WordPress Eklentileri Yoluyla Saldırıları Azaltma
Web siteleri için temel olarak yaygın kullanımı nedeniyle, WordPress platformu ve eklentileri özellikle tehdit aktörleri için son derece popüler bir hedeftir ve onlara geniş bir saldırı yüzeyine kolay erişim sağlar. Tipik olarak saldırganlar hedef alır. tekil eklentiler geniş kurulum tabanlarıyla; ancak yeni saldırı, Wordfence’e göre saldırganların artık kötü amaçlı kampanyaların etkisini genişletmek için birden fazla eklenti üzerinden daha iddialı tedarik zinciri saldırılarıyla karşı karşıya olabileceğini gösteriyor.
Böyle bir saldırı daha fazla dikkat gerektirdiğinden, güvenliğine odaklanan Wordfence WordPress platformu — güvenliği ihlal edilmiş bu eklentilerin tespitini sağlamak için bir dizi kötü amaçlı yazılım imzası üzerinde aktif olarak çalışıyor. Bu arada Chamberland, eklentilerden herhangi birini kullanan herkesin bunları herhangi bir web sitesinden derhal kaldırması ve “olay-müdahale moduna geçmesi” gerektiğini söyledi.
Kötü amaçlı kodları kaldırmak için “WordPress yönetici kullanıcı hesaplarınızı kontrol etmenizi ve yetkisiz olanları silmenizi ve ayrıca tam bir kötü amaçlı yazılım taraması yapmanızı öneririz” dedi.
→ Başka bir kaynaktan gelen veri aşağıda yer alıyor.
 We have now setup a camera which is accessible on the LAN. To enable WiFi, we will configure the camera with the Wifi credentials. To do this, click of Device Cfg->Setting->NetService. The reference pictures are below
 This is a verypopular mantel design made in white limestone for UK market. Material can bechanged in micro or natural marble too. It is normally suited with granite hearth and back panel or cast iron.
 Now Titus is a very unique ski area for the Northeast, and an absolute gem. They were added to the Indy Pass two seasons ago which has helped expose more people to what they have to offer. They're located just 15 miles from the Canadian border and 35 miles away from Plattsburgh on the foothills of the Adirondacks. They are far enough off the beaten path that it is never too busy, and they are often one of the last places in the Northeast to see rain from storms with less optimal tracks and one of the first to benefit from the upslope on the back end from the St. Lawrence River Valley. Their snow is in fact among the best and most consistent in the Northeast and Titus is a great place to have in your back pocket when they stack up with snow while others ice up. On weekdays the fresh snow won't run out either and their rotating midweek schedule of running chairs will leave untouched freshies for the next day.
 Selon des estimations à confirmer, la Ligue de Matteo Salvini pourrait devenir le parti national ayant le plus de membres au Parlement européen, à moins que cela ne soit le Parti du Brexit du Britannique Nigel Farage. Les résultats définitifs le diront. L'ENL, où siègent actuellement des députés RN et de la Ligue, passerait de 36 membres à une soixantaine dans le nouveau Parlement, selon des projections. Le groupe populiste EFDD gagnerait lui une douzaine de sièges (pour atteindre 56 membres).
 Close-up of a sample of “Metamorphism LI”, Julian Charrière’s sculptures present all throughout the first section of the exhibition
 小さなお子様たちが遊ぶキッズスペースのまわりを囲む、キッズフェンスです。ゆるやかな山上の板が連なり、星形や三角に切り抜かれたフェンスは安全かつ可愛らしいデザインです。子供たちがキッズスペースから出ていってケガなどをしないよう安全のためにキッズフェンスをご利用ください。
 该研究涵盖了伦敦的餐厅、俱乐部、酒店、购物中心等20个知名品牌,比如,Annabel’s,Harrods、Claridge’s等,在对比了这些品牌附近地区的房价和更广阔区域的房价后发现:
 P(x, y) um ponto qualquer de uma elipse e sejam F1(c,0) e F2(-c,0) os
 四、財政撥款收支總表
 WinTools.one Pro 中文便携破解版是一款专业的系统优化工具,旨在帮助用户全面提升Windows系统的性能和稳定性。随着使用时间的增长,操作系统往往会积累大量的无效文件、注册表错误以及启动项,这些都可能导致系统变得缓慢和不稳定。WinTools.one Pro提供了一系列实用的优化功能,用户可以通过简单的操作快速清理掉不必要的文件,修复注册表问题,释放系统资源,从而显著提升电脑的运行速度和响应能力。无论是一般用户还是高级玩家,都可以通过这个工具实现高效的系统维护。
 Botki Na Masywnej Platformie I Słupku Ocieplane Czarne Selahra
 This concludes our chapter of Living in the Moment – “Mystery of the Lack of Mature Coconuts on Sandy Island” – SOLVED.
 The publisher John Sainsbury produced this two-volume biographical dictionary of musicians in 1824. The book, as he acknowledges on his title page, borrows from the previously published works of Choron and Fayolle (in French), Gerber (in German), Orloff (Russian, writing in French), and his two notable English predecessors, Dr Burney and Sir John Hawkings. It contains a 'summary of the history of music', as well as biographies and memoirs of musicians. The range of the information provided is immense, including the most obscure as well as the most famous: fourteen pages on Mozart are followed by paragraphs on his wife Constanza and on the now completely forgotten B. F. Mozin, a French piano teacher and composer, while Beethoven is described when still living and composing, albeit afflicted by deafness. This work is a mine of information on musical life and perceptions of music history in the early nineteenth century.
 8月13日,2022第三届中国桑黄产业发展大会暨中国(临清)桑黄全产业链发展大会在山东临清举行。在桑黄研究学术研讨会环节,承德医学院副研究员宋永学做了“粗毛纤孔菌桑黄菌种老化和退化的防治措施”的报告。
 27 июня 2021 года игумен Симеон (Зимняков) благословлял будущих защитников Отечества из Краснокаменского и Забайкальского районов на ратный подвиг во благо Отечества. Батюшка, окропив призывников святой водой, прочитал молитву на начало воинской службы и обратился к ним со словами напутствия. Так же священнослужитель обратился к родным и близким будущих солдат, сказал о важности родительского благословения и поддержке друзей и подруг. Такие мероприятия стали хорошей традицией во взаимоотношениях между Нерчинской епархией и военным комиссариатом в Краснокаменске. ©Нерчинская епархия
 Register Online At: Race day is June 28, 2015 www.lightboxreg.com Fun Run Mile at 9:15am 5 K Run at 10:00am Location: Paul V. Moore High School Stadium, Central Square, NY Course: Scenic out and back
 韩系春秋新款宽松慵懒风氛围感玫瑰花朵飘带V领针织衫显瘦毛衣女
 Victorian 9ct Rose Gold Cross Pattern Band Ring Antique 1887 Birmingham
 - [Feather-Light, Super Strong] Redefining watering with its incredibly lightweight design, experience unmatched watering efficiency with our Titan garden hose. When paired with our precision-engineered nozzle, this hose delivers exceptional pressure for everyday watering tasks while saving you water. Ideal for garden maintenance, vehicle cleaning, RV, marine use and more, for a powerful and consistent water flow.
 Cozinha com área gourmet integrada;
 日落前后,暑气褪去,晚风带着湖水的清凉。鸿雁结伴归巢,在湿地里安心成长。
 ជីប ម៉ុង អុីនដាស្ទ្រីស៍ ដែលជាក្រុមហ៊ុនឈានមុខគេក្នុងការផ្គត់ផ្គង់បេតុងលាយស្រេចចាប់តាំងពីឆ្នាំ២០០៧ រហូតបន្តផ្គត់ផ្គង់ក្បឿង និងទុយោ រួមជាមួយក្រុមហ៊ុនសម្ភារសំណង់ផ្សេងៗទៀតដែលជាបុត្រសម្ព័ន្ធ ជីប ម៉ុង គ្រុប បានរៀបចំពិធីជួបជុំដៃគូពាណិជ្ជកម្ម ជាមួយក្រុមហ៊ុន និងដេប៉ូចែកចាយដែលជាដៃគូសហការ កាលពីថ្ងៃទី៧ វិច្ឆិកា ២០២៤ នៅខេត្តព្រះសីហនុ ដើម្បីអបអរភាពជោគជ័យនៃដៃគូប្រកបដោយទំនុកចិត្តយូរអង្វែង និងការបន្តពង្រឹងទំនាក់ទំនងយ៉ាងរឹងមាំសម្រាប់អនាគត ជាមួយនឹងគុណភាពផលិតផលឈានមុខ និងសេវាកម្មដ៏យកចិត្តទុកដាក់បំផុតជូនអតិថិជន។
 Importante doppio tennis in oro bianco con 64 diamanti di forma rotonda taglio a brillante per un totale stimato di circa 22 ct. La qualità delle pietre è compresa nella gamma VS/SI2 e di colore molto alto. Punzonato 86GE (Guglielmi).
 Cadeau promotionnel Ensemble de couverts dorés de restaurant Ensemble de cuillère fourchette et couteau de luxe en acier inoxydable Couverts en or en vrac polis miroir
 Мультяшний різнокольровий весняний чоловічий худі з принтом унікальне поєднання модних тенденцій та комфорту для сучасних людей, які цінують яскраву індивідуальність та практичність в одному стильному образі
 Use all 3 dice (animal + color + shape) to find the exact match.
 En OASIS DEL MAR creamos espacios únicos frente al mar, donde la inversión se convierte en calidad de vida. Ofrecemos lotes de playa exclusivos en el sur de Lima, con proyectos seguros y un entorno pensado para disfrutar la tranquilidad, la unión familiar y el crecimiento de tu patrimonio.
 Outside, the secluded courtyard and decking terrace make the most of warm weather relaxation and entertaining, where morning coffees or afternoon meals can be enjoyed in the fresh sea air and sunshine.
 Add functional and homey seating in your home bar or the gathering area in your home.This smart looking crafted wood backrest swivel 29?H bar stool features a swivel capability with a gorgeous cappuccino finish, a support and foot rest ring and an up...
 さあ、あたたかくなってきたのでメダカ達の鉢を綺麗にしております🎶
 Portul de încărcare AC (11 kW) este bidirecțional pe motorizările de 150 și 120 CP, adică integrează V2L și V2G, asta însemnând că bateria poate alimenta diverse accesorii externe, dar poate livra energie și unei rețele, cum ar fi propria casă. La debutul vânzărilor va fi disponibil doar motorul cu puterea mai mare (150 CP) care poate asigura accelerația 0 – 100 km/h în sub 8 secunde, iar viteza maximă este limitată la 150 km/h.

Wordfence ayrıca, WordPress yöneticilerinin kampanyanın kanıtlarını tanımlamak için kullanabileceği, saldırgan tarafından kontrol edilen yönetici hesaplarıyla ilişkili bilinen kullanıcı adları da dahil olmak üzere çeşitli güvenlik ihlali göstergelerini (IoC’ler) de gönderiye dahil etti. Ayrıca, WordPress tabanlı web sitelerinin kötü amaçlı kodlardan nasıl temizleneceğine dair tavsiyeler sağlayan bir kılavuzun bağlantısı da dahildir.